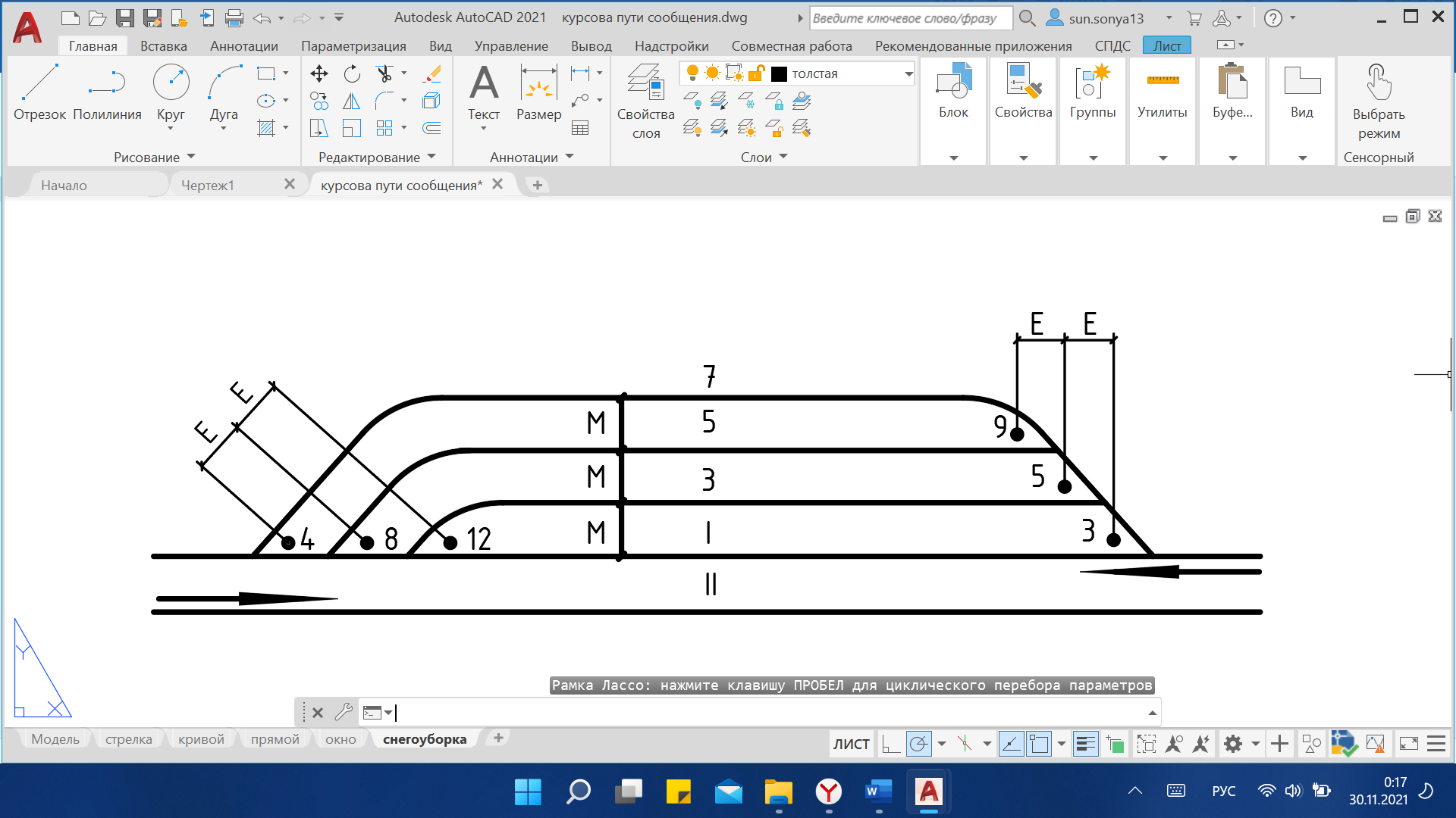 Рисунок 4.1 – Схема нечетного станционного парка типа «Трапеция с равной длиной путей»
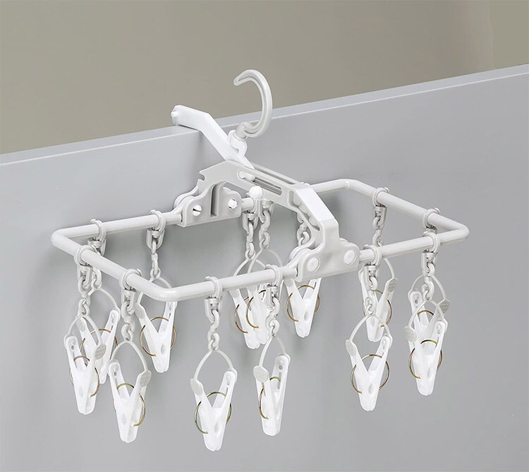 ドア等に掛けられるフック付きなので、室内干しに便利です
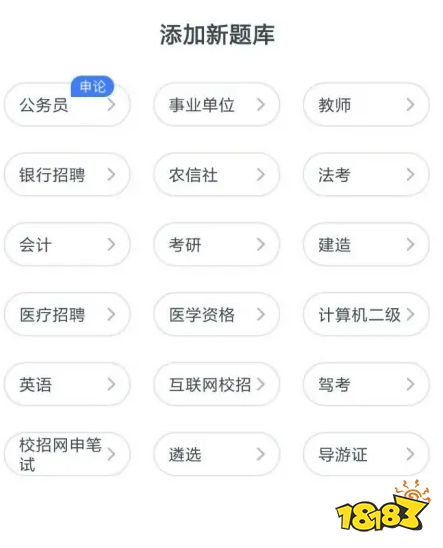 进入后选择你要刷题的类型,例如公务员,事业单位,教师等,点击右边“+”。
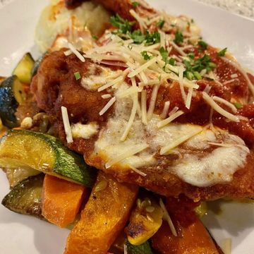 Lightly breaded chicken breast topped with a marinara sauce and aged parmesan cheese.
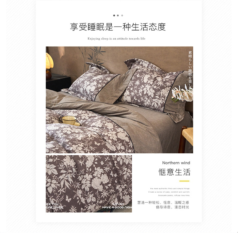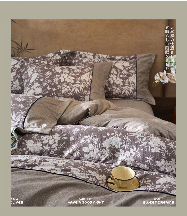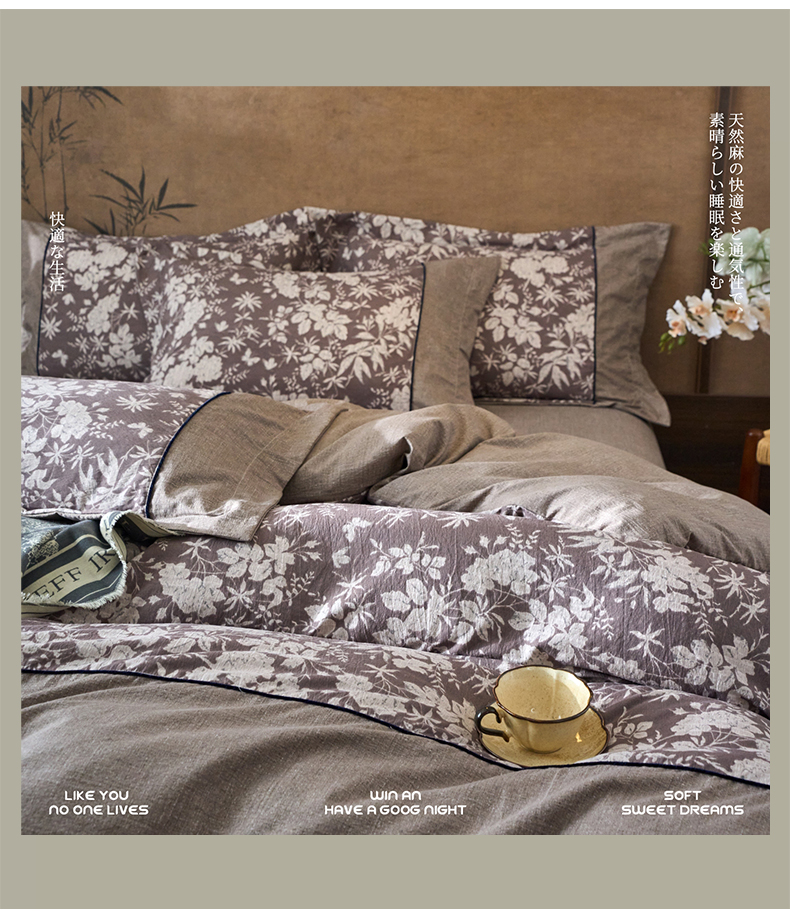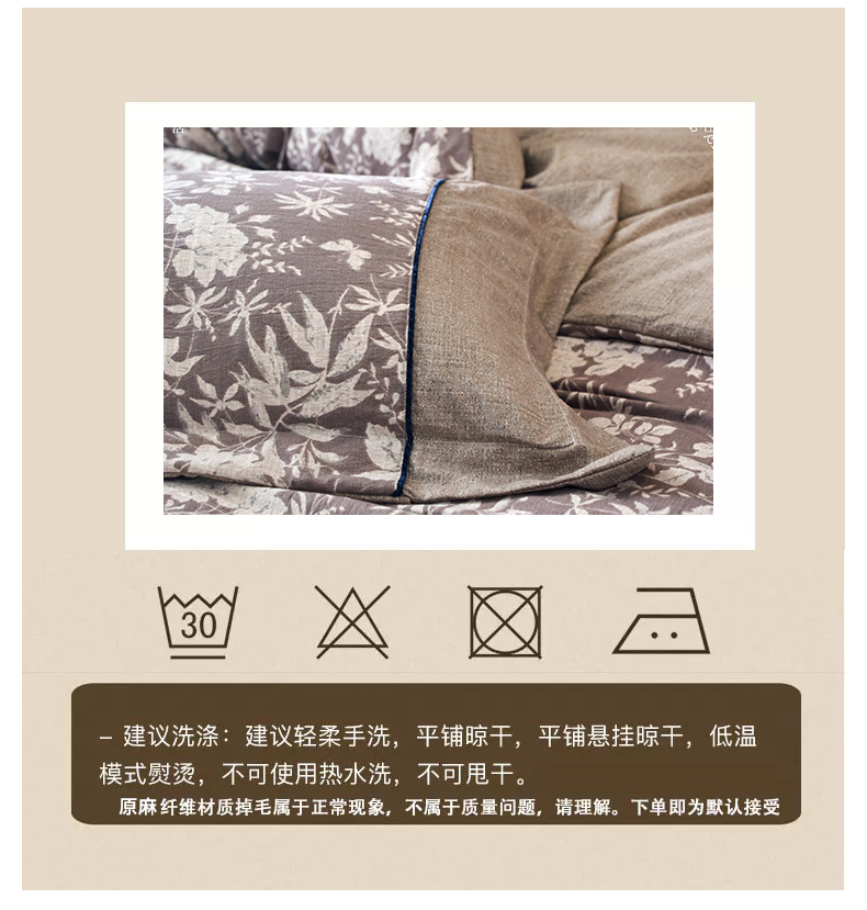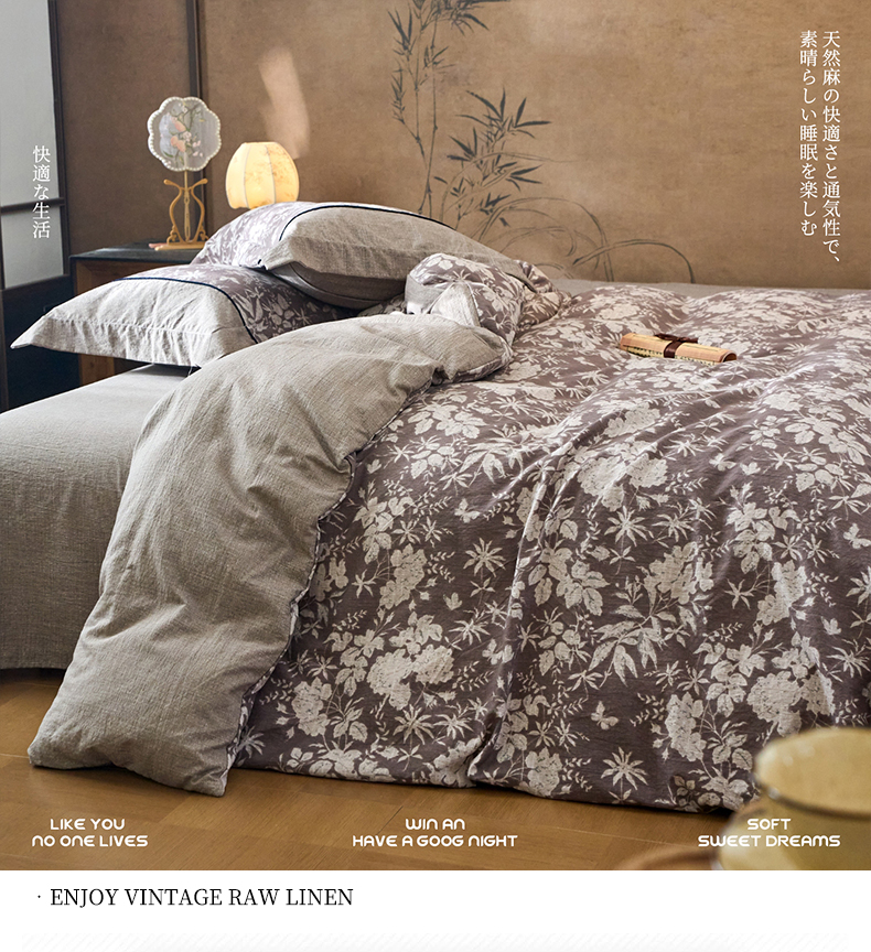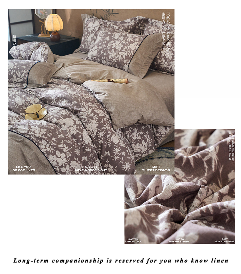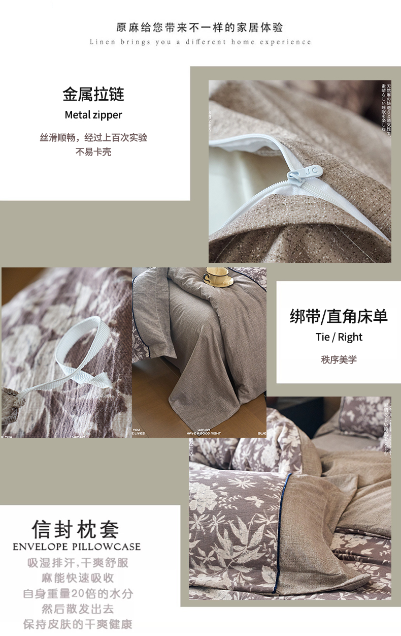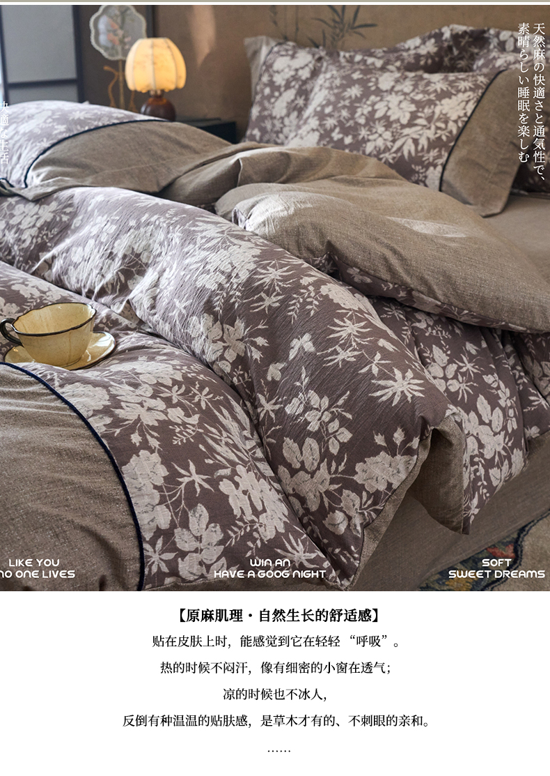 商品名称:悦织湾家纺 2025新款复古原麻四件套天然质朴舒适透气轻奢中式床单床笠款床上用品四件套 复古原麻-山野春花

──────────────────────────────

→ **Exercise description**: Write out the material exactly, excluding pictures.

→ **Answer**:
 Рисунок 4.1 – Схема нечетного станционного парка типа «Трапеция с равной длиной путей»
 ドア等に掛けられるフック付きなので、室内干しに便利です
 进入后选择你要刷题的类型,例如公务员,事业单位,教师等,点击右边“+”。
 Lightly breaded chicken breast topped with a marinara sauce and aged parmesan cheese.
 商品名称:悦织湾家纺 2025新款复古原麻四件套天然质朴舒适透气轻奢中式床单床笠款床上用品四件套 复古原麻-山野春花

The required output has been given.